So, in such a society, you enter a rat race very early in your life by starting to study hard for qualifying for a good college, and it chains forward from there on while destroying any social connections that you might have built. You already move to another city when going to college. Then the college itself quite short, merely 4 years, without enough time to create and solidify bonds. That is if the students can even find enough time to socialize in between the classes. Whatever bond was forged gets immediately broken by people moving to different cities, regions or even countries after graduation, to maximize their income and career chances.

By this point the person is already hampered in the social department. Not only he or she was not able to socialize with his or her peers and the system already forced him to isolation and alienation from the peers to compete, but also because his peers have been brought up and educated with the same competitive mentality, the human social traits that our species have developed are already hampered or repressed. The peers are competition, not people to cooperate, collaborate, less, live together to support each other. The co-workers or acquaintances frequently leaving their jobs for a better opportunity somewhere does not help - you know that even if you hit it off with some person you met in your job or locale, that person can move away tomorrow in a flash. Which makes you further wary of creating any social bond that can be broken by next week.

When the entire society is taken over by this mentality that enforces its behavior patterns, there is no escape - everybody is in a fight for survival or bettering his or her circumstances. Its a societal level alienation of people from each other and from what makes us humans a social species.

3 comments

> By this point the person is already hampered in the social department. Not only he or she was not able to socialize with his or her peers and the system already forced him to isolation and alienation from the peers to compete, but also because his peers have been brought up and educated with the same competitive mentality, the human social traits that our species have developed are already hampered or repressed. The peers are competition, not people to cooperate, collaborate, less, live together to support each other.

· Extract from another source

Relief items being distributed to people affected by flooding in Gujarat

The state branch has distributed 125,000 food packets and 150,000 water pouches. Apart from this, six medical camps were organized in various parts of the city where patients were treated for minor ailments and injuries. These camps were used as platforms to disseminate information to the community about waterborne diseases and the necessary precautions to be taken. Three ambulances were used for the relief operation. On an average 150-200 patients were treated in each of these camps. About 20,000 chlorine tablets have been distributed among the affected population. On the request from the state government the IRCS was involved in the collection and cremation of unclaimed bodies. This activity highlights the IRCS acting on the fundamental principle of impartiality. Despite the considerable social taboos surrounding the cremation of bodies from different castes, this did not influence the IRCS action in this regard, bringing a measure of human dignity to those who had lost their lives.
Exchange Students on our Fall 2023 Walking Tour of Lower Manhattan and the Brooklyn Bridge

Students did the same in the Soviet Union. Graduation exams sorted not just who got which universities (if any at all) but which subjects they would spend their time in. Competition didn't disappear behind the iron curtain.

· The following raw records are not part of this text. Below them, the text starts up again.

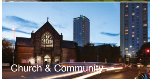
Church & Community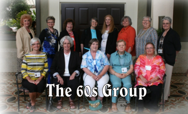
The 60s Group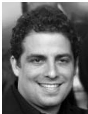
Brett Ratner made Hoya de Monterrey cigars family fare.

While legal limits on tobacco promos to the young got tougher in other media, tobacco incidents in kid-rated movies jumped 300% last year. Coincidence?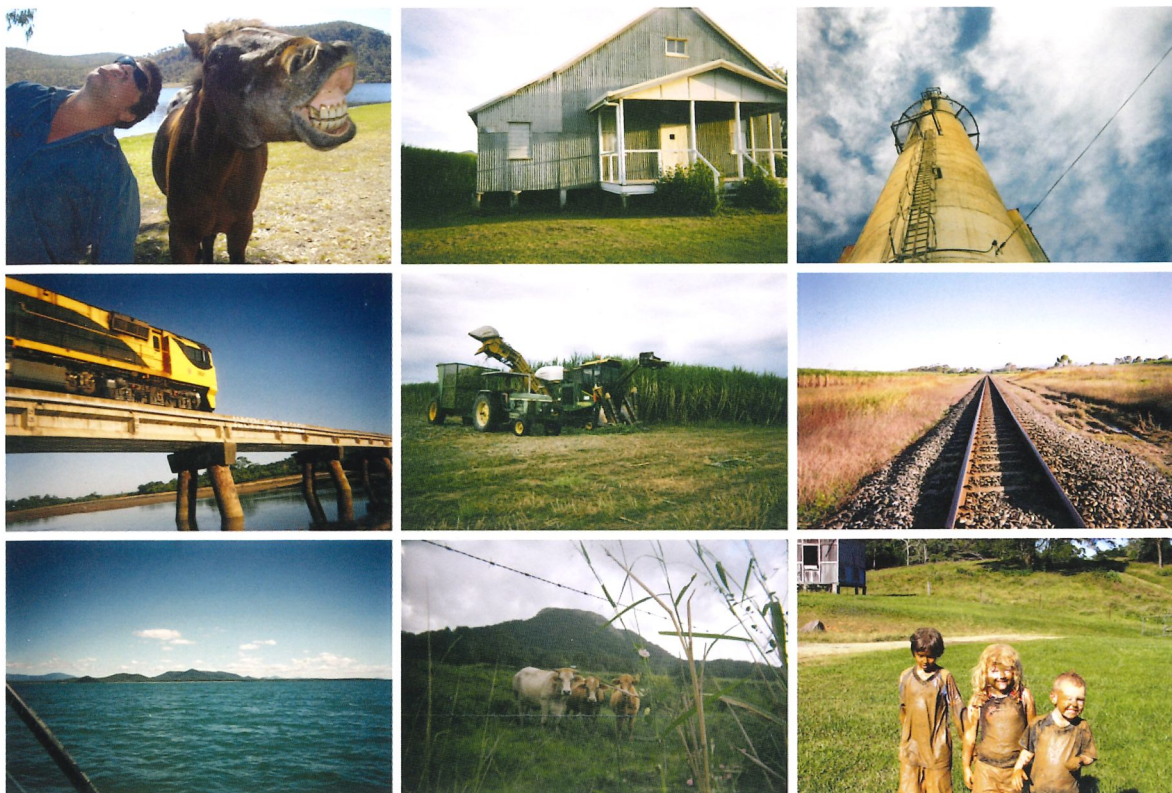
Snapshots of remote communities project, 2009

> The co-workers or acquaintances frequently leaving their jobs for a better opportunity somewhere does not help - you know that even if you hit it off with some person you met in your job or locale, that person can move away tomorrow in a flash. Which makes you further wary of creating any social bond that can be broken by next week.

In the Soviet Union, you never knew when your friends and family would "disappear" either. Many Soviet citizens lived in a state of fear that they'd be next. That also makes you wary about who you associate with.

It should be noted that, empirically, all other economic systems that have been tried are even worse than capitalism as far as people's perceptions of their existence.

Capitalist countries have border guards to keep foreigners from coming in illegally. Socialist countries have border guards to keep their own people from escaping.

Capitalism does not enforce behavior patterns. You are free to opt out and be poor and not compete with others, if you want. You can be homeless, or subsist on minimum wage, or go on welfare benefits, and many do.

Compare this to socialist economic systems, where opting out is illegal and classifies you as a social parasite. "Being unemployed" is a felony that gets you ten years in a forced labor camp. "Complaining about how it is unfair that you are not allowed opt out" is also illegal, and also gets you a stint in the labor camp. That's "enforced behavior patterns."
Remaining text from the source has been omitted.